‘We feel discouraged’: striking young doctors exhausted but determined to fight on

“I“I’m excited to get back to work, to get back to work,” said Matthew Alexander, a junior radiology resident. “Nobody wants to be here, nobody wants to strike.” Alexander, 30, is one of about 50 junior doctors on the picket line Thursday morning Friarage Hospital in Northallertona bustling market town in Rishi Sunak’s vast North Yorkshire constituency.

It is a sunny day; there is cheerful and enthusiastic singing and a lot of support from drivers who honk, but it is very clear that only Betty, a relaxed 11-year-old jackapoo, is even remotely happy to be here.

Matthew Alexander: ‘No one wants to strike.’ Photo: Mark Pinder/The Guardian

“It’s hard,” said Sarah Peters, 26, a neurosurgery resident. “Explaining alone to family members is difficult and knowing that your colleagues will have a more difficult day at work because you are not there. I didn’t enter this profession for this reason; I got into it to help people, but we have no choice but to strike. It’s sad that it had to come to this.”

The five-day strike by junior doctors is the 11th action in their long-running wage dispute. People on the picket line say they are exhausted by their working conditions – and just as determined to keep fighting for improvements.

“We feel discouraged,” said Tom Sharp, a trainee GP in Leeds. “I think trainee doctors are fed up with poor wages and conditions and that’s why so many are leaving for places like New Zealand where the wages and conditions are so much better.”

The five-day strike by trainee doctors is the eleventh action in their long-running pay dispute. Photo: Mark Pinder/The Guardian

He adds: “Unfortunately, that has a direct impact on patient care here. People will not get the NHS they deserve.”

Sharp knows people who have left the NHS and moved to other countries. “They will stay there, they will not return to the NHS,” he says. “I’ve thought about it too. I think it would be difficult to find a doctor who hasn’t thought about it.”

Those sentiments are echoed by Emma Runswick, a junior doctor in Greater Manchester and deputy chairman of the BMA council. She has friends who have gone to New Zealand and were recently back in Britain for a wedding.

“They said, ‘Look at the state of the NHS in this country, look how much better off we are in New Zealand.’ They are a couple and get paid 70% and 100% more than us (her and her partner) for the same hours. Why? Why would they want to come back? And they work in a service where they don’t have to constantly apologize for the delays we see here. They don’t have to apologize. They are fully staffed.”

Runswick understands that some people look at the 35% wage requirement set by junior doctors and think it is a lot. “It sounds ridiculous, but it only sounds ridiculous because we’ve lost so much. We are only asking for the wages we received in 2008.”

Emma Runswick: ‘All we are asking for is the wages we received in 2008.’ Photo: Mark Pinder/The Guardian

Runswick says the money the doctors are asking for is a “bargain” in the scheme of things “and not even close to what we could get paid elsewhere”.

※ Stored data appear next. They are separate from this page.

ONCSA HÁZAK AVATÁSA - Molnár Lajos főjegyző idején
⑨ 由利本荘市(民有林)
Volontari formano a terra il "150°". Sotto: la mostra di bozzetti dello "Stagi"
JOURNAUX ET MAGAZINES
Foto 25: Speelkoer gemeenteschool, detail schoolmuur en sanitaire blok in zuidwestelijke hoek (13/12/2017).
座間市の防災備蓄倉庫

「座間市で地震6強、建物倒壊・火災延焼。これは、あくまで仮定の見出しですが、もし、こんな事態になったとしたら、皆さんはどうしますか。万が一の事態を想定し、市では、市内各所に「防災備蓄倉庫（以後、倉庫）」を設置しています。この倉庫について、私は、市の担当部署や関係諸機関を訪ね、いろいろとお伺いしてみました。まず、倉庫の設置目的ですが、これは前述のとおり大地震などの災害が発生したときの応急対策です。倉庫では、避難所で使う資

It’s also a dispute over patient safety, say those on the picket line. Peters says burnout is “rampant” in the NHS, with medics permanently working in understaffed environments.

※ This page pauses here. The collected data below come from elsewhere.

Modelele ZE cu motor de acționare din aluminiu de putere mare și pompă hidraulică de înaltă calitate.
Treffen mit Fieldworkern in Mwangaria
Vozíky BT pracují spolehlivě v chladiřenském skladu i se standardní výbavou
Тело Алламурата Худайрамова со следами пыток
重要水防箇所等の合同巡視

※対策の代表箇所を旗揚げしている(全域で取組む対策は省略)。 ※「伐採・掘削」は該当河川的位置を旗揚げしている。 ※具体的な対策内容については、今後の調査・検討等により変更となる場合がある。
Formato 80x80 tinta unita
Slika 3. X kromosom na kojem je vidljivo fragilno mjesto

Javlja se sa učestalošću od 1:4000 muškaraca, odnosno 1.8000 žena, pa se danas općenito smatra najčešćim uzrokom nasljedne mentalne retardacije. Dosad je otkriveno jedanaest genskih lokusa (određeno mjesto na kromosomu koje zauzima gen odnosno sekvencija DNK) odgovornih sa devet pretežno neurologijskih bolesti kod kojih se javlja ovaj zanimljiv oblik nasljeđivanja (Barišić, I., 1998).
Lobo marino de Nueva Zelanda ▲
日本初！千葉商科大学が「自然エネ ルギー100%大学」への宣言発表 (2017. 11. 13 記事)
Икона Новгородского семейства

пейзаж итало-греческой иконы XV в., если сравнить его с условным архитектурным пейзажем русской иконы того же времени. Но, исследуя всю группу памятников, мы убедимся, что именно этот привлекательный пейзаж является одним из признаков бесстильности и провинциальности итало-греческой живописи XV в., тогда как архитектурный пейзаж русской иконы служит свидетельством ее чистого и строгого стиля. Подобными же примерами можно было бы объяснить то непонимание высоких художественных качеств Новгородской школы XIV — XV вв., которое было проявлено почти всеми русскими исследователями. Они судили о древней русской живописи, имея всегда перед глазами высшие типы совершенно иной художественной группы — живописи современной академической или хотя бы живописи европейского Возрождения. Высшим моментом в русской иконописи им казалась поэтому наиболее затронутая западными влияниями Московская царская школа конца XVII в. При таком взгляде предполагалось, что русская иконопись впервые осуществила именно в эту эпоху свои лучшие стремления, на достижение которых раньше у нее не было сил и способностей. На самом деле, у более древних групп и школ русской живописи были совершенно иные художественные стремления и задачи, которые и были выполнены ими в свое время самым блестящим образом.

“The government has had so many opportunities to negotiate,” she says. “My understanding is that they have now spent more on the strikes than they would have needed to get us the wage deal we asked for. When they say there is no money, clearly there is.”

Some observers have wondered why a strike is necessary when the current government appears to be on its way. Shadow Health Secretary Wes Streeting has promised to start negotiations on his first day in office.

The Northallerton picket line is less than 10 minutes from Sunak’s country home in North Yorkshire. Runswick said: “We are dealing with the government we have at the moment which is led by Rishi Sunak. We’ve been asking for something credible from him for 20 months. If we don’t take action, our wages will continue to fall in real terms and our colleagues will continue to leave the country.”

She says the mix of emotions on the picket line is reflected more widely in the NHS. “There has been a lot of despair, but one thing the dispute has given doctors is that they can turn that despair into a little bit of anger, a little bit of hope. We are finally doing something about the deterioration of service.”